The Networks
Networks are multi-dimensional structures consisting of nodes (in CGNs case in most instances a gene) and communications between these nodes, called edges. Much like network created by humans (i.e for transportation (roads, rail ways and airways) and for social interactions (like who-knows-who), biological and molecular networks are sparse (i.e. most nodes have only one other node to communicate with) and are scale-free (i.e. not randomly connected but interconnected by highly-regulated nodes so called "hubs", see Figure on this page). This topology of biological and molecular networks including gene networks are essential for the ability to reverse-engineer these networks from genome-wide datasets. The two most frequently used algorithms to infer gene networks from genome-wide DNA and RNA data are based on co-expression and Bayesian (probabilistic) edges between nodes. We use Bayesian network reconstruction algorithms to integrate genome-wide DNA and RNA data both at the tissue and cell-level from the same patients. In this way, using the fact that DNA variation always is causal for changes in RNA levels (e.g. gene expression) and not vice versa, he was able to distinguish networks that are causal for disease (i.e. disease driving) from those that are reactive (networks mirroring disease progression). CGN pretty much uses these existing algorithms slightly adjusted to enable applying them on human data sets for inference of clinical gene networks.
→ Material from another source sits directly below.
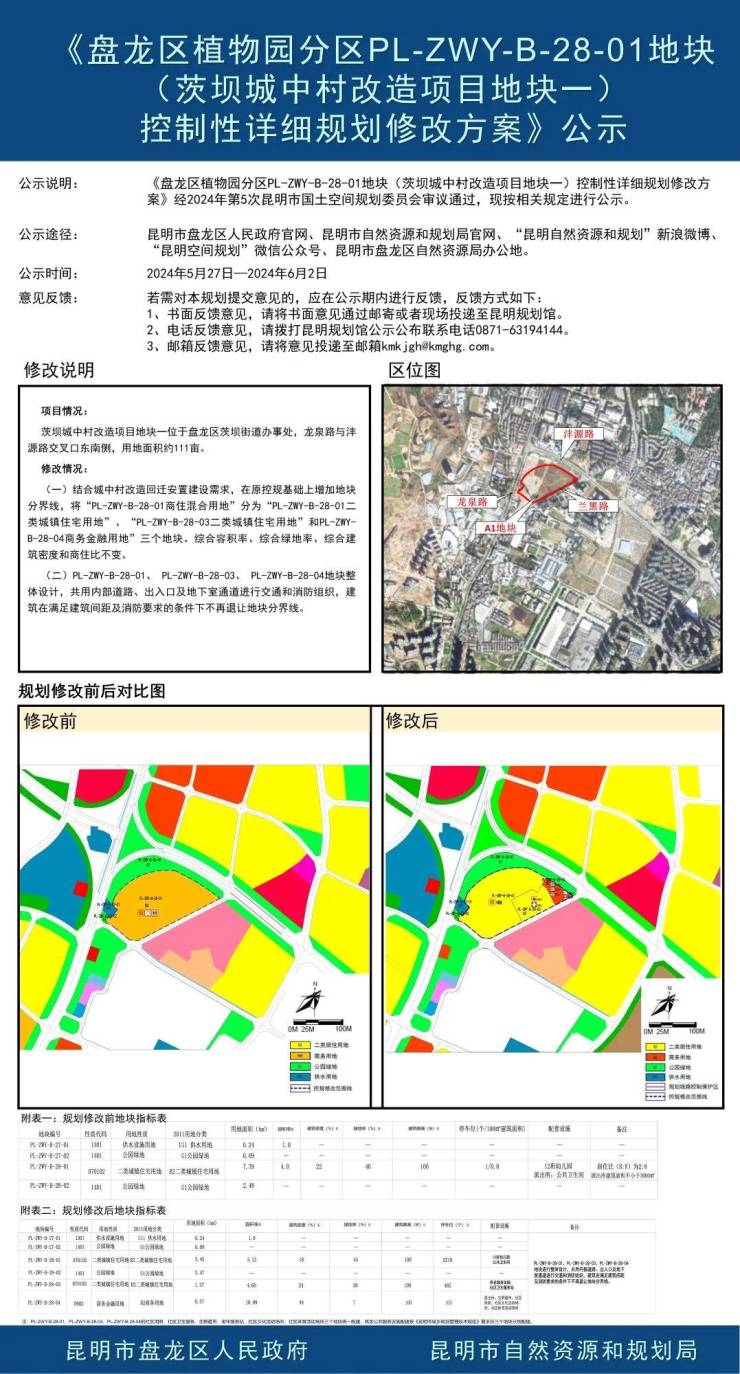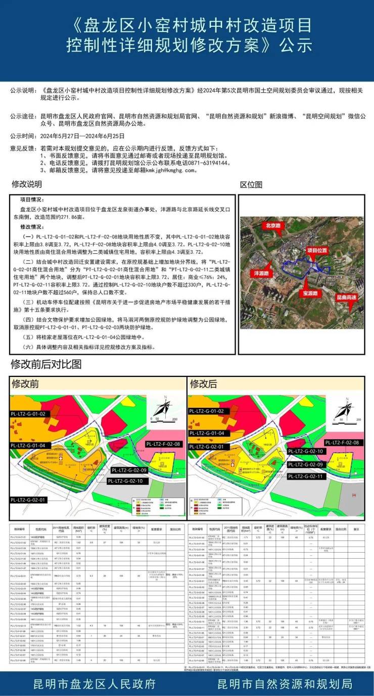 今日昆明昆明市自然资源和规划局发布五则公示,涉及盘龙区植物园分区PL-ZWY-B-28-01地块(茨坝城中村改造项目地块一)、盘龙区小窑村城中村改造项目、盘龙区昙华片区白龙寺城中村改造项目、盘龙区白塔分区PL-BT-F-03-01地块和度假区海埂片区B1、B2街坊,主要是针对这些项目的规划修改。

Using Amazon cloud computing CGN and its partners infer CAD networks from AtheroCode. The top- down network inference approach is essential for CGNs scientific strategy. This refer to the idea that disease network should first be inferred from genome-wide data generated from the most disease- relevant biopsies, which is from biopsies in the patients who suffer the disease that is under investigation. Then, the networks inferred from the patients are further refined (increasing its resolution by adding more nodes and edges) in disease model systems such as in mouse (to study how the networks evolve driving disease) and in cell culture models (to study the molecular details of networks in different cell types). The CAD networks that are being inferred can also be improved as to their resolution and therefore their statistical capacities to predict disease progression by integrating other types of omic data in the network inference computations. Those could be additional in-house datasets, as well as datasets available on the INTERNET such as several genome-wide datasets from Yeast.